- Problem to work on -
Copy out the data below from the line containing "skin, Sorrento lemon" to the line containing "Саморез, шуруп мебельный, оцинкованный", both lines included, with all images left out.

··· Given data

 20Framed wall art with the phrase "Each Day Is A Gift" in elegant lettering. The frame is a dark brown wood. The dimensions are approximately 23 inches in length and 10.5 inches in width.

······
··· Given data

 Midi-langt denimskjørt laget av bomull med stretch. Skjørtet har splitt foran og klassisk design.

······
··· Given data

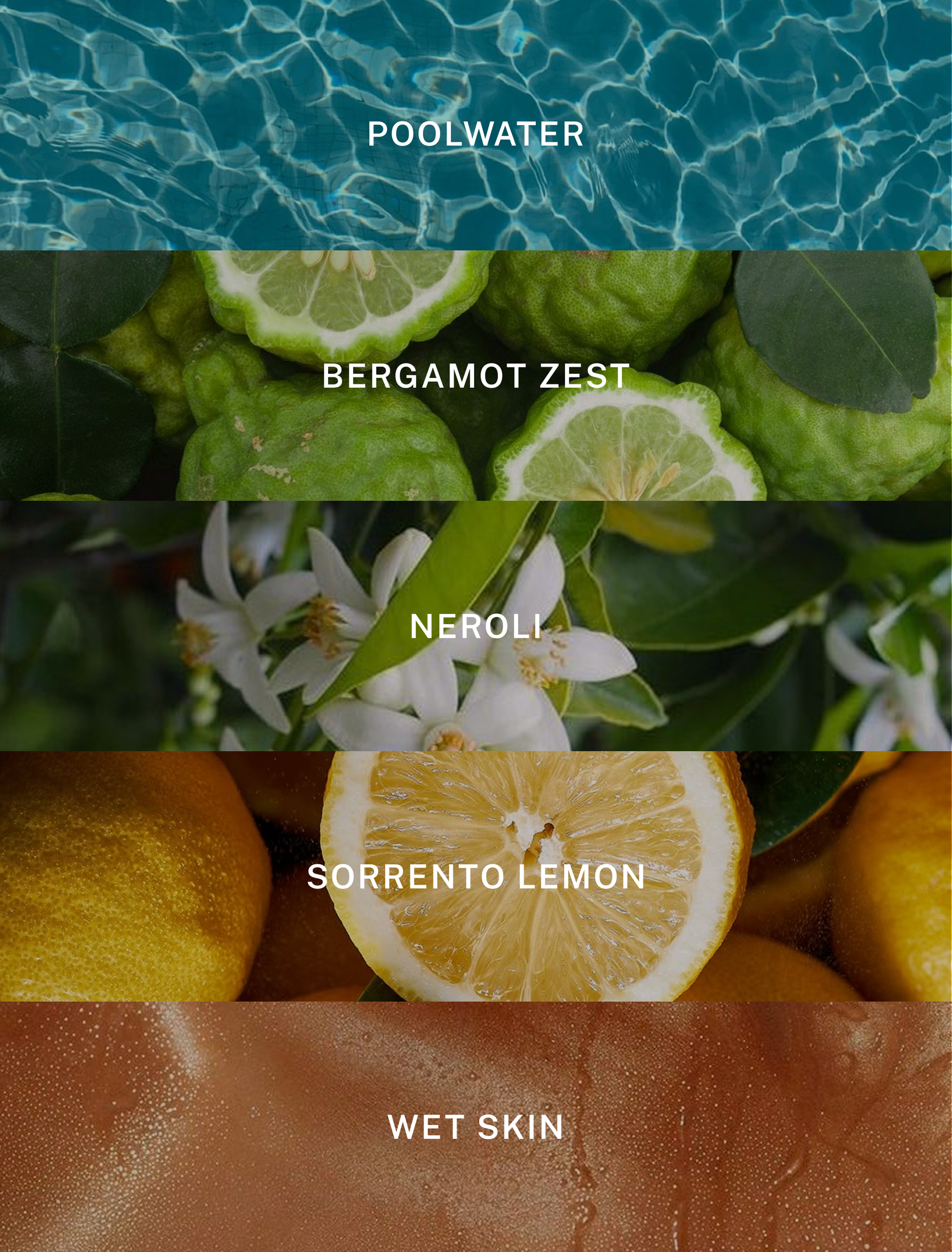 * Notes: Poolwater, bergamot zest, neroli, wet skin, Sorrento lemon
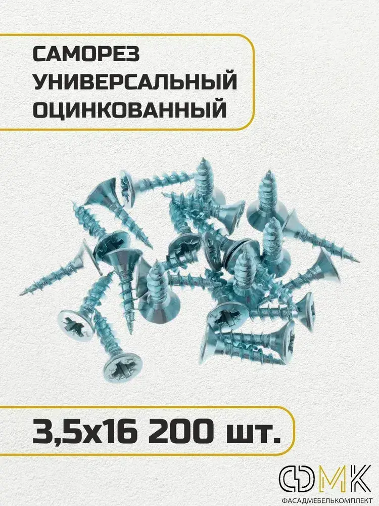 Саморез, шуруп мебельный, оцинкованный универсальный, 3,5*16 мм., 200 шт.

······

- Response -
 * Notes: Poolwater, bergamot zest, neroli, wet skin, Sorrento lemon
 Саморез, шуруп мебельный, оцинкованный универсальный, 3,5*16 мм., 200 шт.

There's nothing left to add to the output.